I am trying to write a function that uses dplyr to count up all unique values of z. My function works fine when I have the variable actually named z. However, if the variable is named x, I get an error (below code).

test.data<-data.frame(y=c(1:10),
                  x=c(letters[1:10]))
test.data$x<-as.character(test.data$x)
obsfunction<-function(z,y,data){
filter_(data,
          !is.na(deparse(substitute(y))))%>%
    distinct_(., deparse(substitute(z)))%>% #the line that breaks it
    count_(.)
}
obsfunction(z=x,y,data=test.data)

So, the above code doesn't work and gives this error:

 >Error in eval(substitute(expr), envir, enclos) : unknown column 'z'

Changing z to x in the function (or renaming x as z) makes it work, but I don't want to have to rename everything, especially considering y works with different names.

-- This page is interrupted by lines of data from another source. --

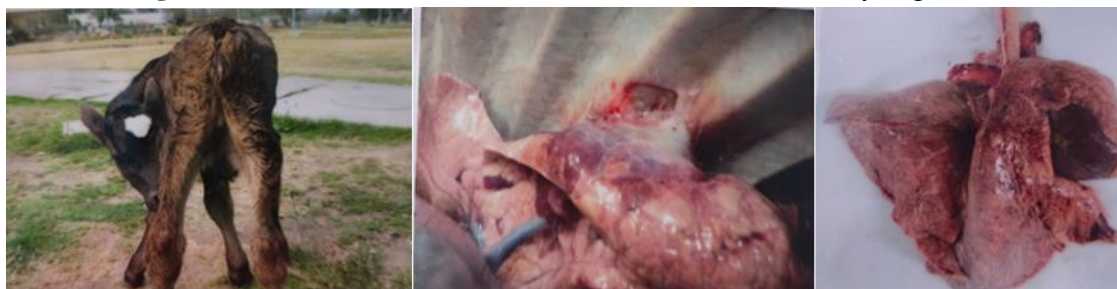
Figura 3: Ternera con diferentes malformaciones físicas y orgánicas

A. Presencia de anuro. B. Adherencia de lóbulo izquierdo del pulmón hacia la pleura costal a la altura de la 4. a y 5. a costilla. C. Zonas de coloración rojizas a marrón oscuro, especialmente en el lóbulo derecho, común en casos de neumonía.
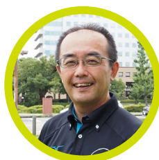
日野 稔邦 氏

2008年女子100m背泳ぎで日本記録樹立。2008北京オリンピックは背泳ぎの代表、2012ロンドンオリンピックは自由形で出場。2012年に岐阜国体を最後に現役引退。その後、スポーツマネジメント・スポーツ心理学で博士号取得。現役時代からセカンドキャリアを重要視しており、現在アスリートキャリアなどで講演を行う。生理とスポーツの教育・情報発信を行う「スポーツを止めるな」の1252プロジェクトのリーダーとしても活動中。
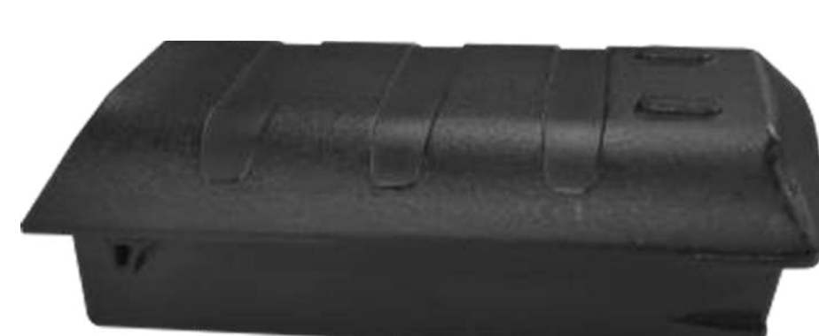
Аккумулятор P/N: CHA-BTRY-K8-6700 MA6700 мАч, 3.85 В

I have tried lazyeval::interp and quote() per the vignette, this question, and this question.

distinct_(lazyeval::interp(as.name(z)))%>%
>Error in as.name(z) : object 'x' not found 

distinct_(quote(z))%>%
>Error in eval(substitute(expr), envir, enclos) : unknown column 'z' 

What am I missing? How do I get z to accept x as the column name?

3

3 Answers

3
votes

as dplyr standard evaluation understand strings, I tried the following code and with additional test data, it seems work. I first extracted variable name and then constructed expressions using character strings:

test.data<-data.frame(y=c(1:10),
                      x=c(letters[1:10]))
test.data$x<-as.character(test.data$x)

f <- function(z, y, data){
    z <- deparse(substitute(z))
    y <- deparse(substitute(y))
    res <- data %>% filter_(
        paste('!is.na(', y, ')', sep = '')) %>%
        distinct_(z) %>%
        count_(.)
}


x <- f(z = x, y, test.data)
# # A tibble: 1 × 1
#       n
# <int>
# 1    10



test.data <- data.frame(
    y=c(1:4, NA, NA, 7:10),
    x=c(letters[c(1:8, 8, 8)]),
    stringsAsFactors = F)

x <- f(z = x, y, test.data)
# # A tibble: 1 × 1
#       n
# <int>
# 1     6
2
votes

You can use match.call to capture function arguments and convert them to characters before passing to the dplyr SE functions:

obsfunction<-function(z, y, data){
    cl = match.call()
    y = as.character(cl['y'])
    z = as.character(cl['z'])

    data %>% filter_(paste('!is.na(', y, ')', sep = '')) %>%
             distinct_(z) %>%
             count_(.)
}

obsfunction(z = x, y = y, data = test.data)

# A tibble: 1 × 1
#      n
#  <int>
#1    10

obsfunction(x, y, test.data)

# A tibble: 1 × 1
#      n
#  <int>
#1    10
1
votes

Another lazyeval/dplyr variation where the variables are passed as formulas,and f_interp substitutes uq(x) with the formula passed to it, similar to deparse(substitute(x))

library(dplyr)
library(lazyeval)

test.data<-data.frame(y=c(1:10),
                  x=c(letters[1:10]))
test.data$x<-as.character(test.data$x)


obsfunction<-function(z, y, data){
  data %>% filter_(f_interp(~!is.na(uq(y)))) %>%
    distinct_(f_interp(~uq(z))) %>% count()
}

obsfunction(z=~x,~y,data=test.data)

 #A tibble: 1 × 1
 #     n
 #  <int>
 #1    10

test.data.NA <- data.frame(
  y=c(1:4, NA, NA, 7:10),
  x=c(letters[c(1:8, 8, 8)]),
  stringsAsFactors = FALSE)


obsfunction(z=~x,~y,data=test.data.NA)
 # # A tibble: 1 × 1
 #        n
 #      <int>
 # 1      6